Sort of a beginner in the training world so this question may be a bit elementary so, I'll apologize now if it is.....

I understand that high reps/light weight is more for tone and low reps/heavy is for bulk and strength.  My question is why?

Do high reps hit a different part or make the muscle react differently than the low reps?  Why do high reps make you feels as if you just lifted a cow while low reps are kind of bla?

I apologize again if this is a jr question but, I am trying to figure this thing out.

Thanx for your input.


----------



## LexusGS (Sep 16, 2005)

Do a serch, this has been discussed many many times.


----------



## Squaggleboggin (Sep 16, 2005)

I'm bored, so I'll flat out tell you. Number one, what you think you know isn't really true. No exercises can 'tone' and spot reduction (what 'toning' is referred to as) is a myth. There are three ways to increase muscle definition: lower BF, increase LBM, or a combination of the two (any of these will reduce BF%, which is the whole goal). Onto your real question.

 Using higher weights (and thus lower reps) forces your CNS to adapt much more rapidly than low weights and high reps. In other words, the stress of high weight is so great, your body is forced to become more efficient in its motor patterns and how it triggers the response for the movement. As you become more efficient, you can add more weight to the bar. Of course, hypertrophy occurs as well (almost always with a beginner), but there are ways to train strength without growing bigger at all.
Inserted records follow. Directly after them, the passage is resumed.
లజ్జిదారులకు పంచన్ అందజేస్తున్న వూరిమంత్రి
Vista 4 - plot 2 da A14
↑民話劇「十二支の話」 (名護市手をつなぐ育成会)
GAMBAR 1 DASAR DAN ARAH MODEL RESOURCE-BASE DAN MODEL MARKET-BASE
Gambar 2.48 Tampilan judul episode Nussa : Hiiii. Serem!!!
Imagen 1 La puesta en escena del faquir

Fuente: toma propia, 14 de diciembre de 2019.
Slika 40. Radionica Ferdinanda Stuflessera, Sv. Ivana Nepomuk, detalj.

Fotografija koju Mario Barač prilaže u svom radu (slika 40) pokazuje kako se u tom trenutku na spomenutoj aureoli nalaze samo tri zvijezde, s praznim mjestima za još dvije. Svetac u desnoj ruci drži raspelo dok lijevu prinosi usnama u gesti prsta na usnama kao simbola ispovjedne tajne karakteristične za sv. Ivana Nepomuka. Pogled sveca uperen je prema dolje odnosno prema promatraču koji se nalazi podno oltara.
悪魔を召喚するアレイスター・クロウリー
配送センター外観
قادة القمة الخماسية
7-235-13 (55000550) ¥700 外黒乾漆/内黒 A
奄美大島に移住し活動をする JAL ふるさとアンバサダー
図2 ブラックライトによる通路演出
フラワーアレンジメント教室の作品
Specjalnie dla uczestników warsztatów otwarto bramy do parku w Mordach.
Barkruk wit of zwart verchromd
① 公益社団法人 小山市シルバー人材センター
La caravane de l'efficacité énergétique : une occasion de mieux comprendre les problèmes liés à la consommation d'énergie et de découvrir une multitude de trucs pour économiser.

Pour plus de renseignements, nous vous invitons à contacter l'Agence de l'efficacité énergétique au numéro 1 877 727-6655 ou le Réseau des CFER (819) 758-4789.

I hope this answers your question.


----------



## Shegan (Sep 16, 2005)

Thank you for replying.....

So what purpose do high reps serve?


----------



## CowPimp (Sep 16, 2005)

Shegan said:
			
		

> Sort of a beginner in the training world so this question may be a bit elementary so, I'll apologize now if it is.....
> 
> I understand that high reps/light weight is more for tone and low reps/heavy is for bulk and strength.  My question is why?
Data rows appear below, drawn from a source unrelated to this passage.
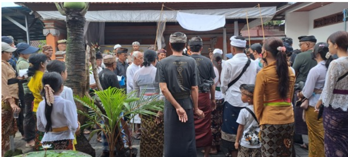
Gambar 14. Krama Banjar Melakukan Prosesi Pemandian Jenasah saat Ngaben

Berkaitan dengan upacara kematian atau ngaben , apabila ada salah satu anggota keluarga dari krama banjar meninggal, biasanya semua pekerjaan akan diambil alih oleh banjar berdasarkan kesepatan keluarga duka, banjar , dan prejuru desa adat ( Bendesa ). Apabila disetujui, maka kegiatan ngaben akan sepenuhnya digarap oleh krama banjar yang dikoordinir oleh klian banjar . Biasanya, dalam tata cara pengabenan yang berlaku di dalam lingkup banjar mengacu pada keputusan, dresta , yang termuat pada awig-awig desa adat setempat. Krama Banjar hingga krama desa (sesuai daerah masing-masing), biasanya memberikan santunan kepada krama / keluarga yang meninggal berupa uang yang disebut dengan istilah patis atau patus yang besarnya tergantung kesepakatan dalam awig-awig banjar/desa . Tingkat pengabenan dalam ajaran agama Hindu dapat dikelompokkan menjadi tiga yakni; Nistaning utama , madyaning utama dan utamaning utama .
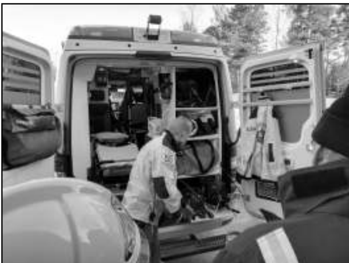
Ambulanssin takaosasta löytyy mm. pintapelastustarvikkeet sekä yhdistelmälevitin ja puukkosaha.
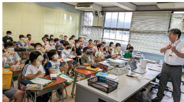
茂原七夕まつりの歴史を学ぶ5年生(茂原小学校)
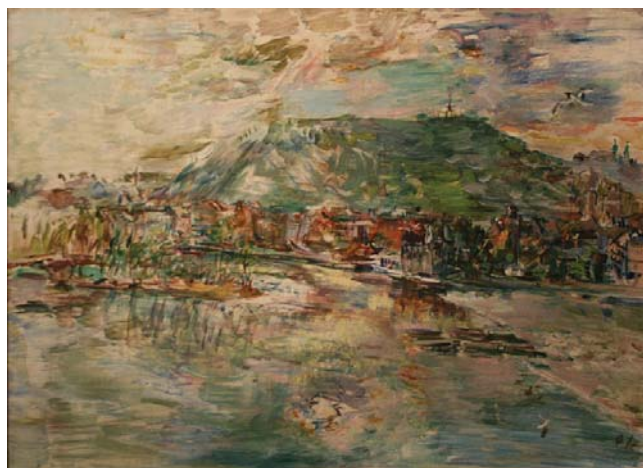
Praha. Pohled z břehu Vltavy na Malou Stranu a Petřín I, 1936 Kunstforum Ostdeutsche galerie Regensburg
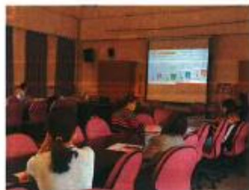
家庭教育中心宣導
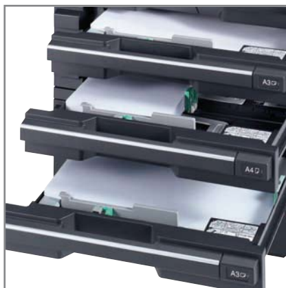
tři volitelné zásobníky papíru každý s kapacitou 300 listů
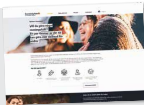
Hemsidan för volontärerna i Gustavsberg-Ingårö församling.

EN LITEN INSATS kan betyda mycket. Ett volontäruppdrag är inte det andra likt. Det kan vara allt ifrån att servera soppa
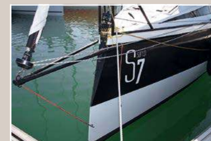
Pratique L'étrave est fine pour fendre le clapot méditerranéen. Le balcon fait office de chèvre grâce à un palan qui le fixe à l'étrave. Le bout-dehors est aussi basculant.
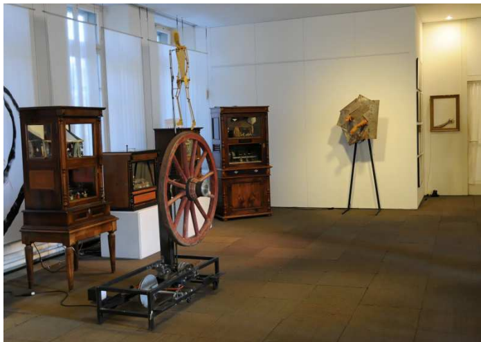
Marcheur 4 (2011) Stranger in the night (1998) Au revoir ! (1999)

La version numérique de ce dossier ainsi que les visuels ci-dessous sont à la disposition des journalistes. La reproduction des photos est autorisée en mentionnant la source. Tous les documents peuvent être obtenus en format numérique sur simple demande au musée CIMA.
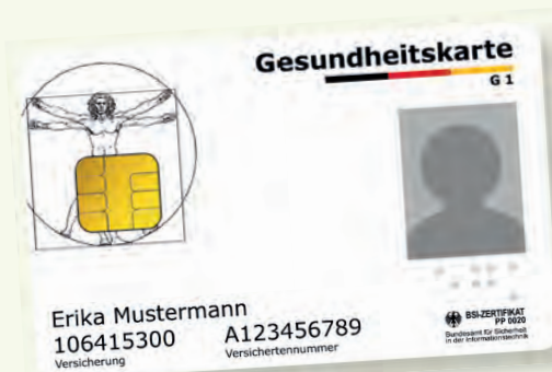
Musterbeispiel einer Gesundheitskarte

Bitte nehmen Sie immer Ihre elektronische Gesundheitskarte mit, wenn Sie Gesundheitsdienste in Anspruch nehmen. Seit dem 1. Januar 2015 gilt ausschließlich diese Karte als Berechtigungsnachweis, um Leistungen der gesetzlichen Krankenversicherung in Anspruch nehmen zu können. Auf der elektronischen Gesundheitskarte sind Ihr Name, Ihr Geburtsdatum und Ihre Anschrift sowie Ihre Krankenversicherungsnummer und Ihr Versichertenstatus (Mitglied, Familienversicherter oder Rentner) als Pflichtdaten gespeichert. Die elektronische Gesundheitskarte enthält außerdem ein Lichtbild von Ihnen.
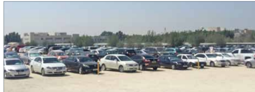
• مواقف السيارات معاناة يومية لا يختلف عليها اثنان
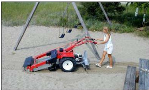
國外採用手推自動翻沙機具進行沙坑維護工作·能清除沙池內的異物·亦能將底部的沙翻動·達到曝曬陽光殺菌的效果。

事件(新聞連結)·所幸民眾發現得早·未釀意外。而國外採手推自動翻沙機具(連結 1、連結 2)·亦可考慮引進採用。而再緊密的防護·關鍵要項 衛教防護宣導不能少 。

Like Squaggle said, the only toning effect that high reps can have is the fact that they burn more calories because you are required to do more work, so your fat loss might be greater.  Therefore, you will decrease your body fat levels.

Maximal weights are better for strength because you increase neuromuscular efficiency and intermuscular coordination.  I'm talking 1-5 repetitions here, generally.

With heavy, but not quite maximum weights, you fatigue the muscle fibers which are capable of hypertrophying to the greatest degree and you cause more microtrauma to the muscles being worked.  Therefore, weights in this range are better for hypertrophy.  I'm talking 5-12 repetitions here, generally.




> Do high reps hit a different part or make the muscle react differently than the low reps?  Why do high reps make you feels as if you just lifted a cow while low reps are kind of bla?
> 
> I apologize again if this is a jr question but, I am trying to figure this thing out.
> 
> Thanx for your input.



The reason higher repetitions are more grueling is because the effects of fatigue are more noticeable.  You cardiovascular system may become strained, and waste products like lactic acid build up in the muscles being worked to cause a greater level of discomfort.  Not to mention it is harder to maintain your concentrain for 15 repetitions, which could mean a set lasting up to 60 seconds or even longer, as opposed to a set lasting 5 seconds in the case of a single or double.


----------



## CowPimp (Sep 16, 2005)

Shegan said:
			
		

> Thank you for replying.....
> 
> So what purpose do high reps serve?



Higher repetitions can improve local muscular endurance, improve cardiovascular conditioning (If implemented into a training regimen properly), improve recovery via increased bloodflow to the muscles during and shortly thereafter exercising, and improve mitochondrial density which raises the bar on maximal bloodflow to the muscle.  

As well, certain muscles, like forearms, calves, and abs are inherintly higher in red fiber, also known as slow twitch muscle fibers.  ST fibers are better stressed via higher repetitions.


----------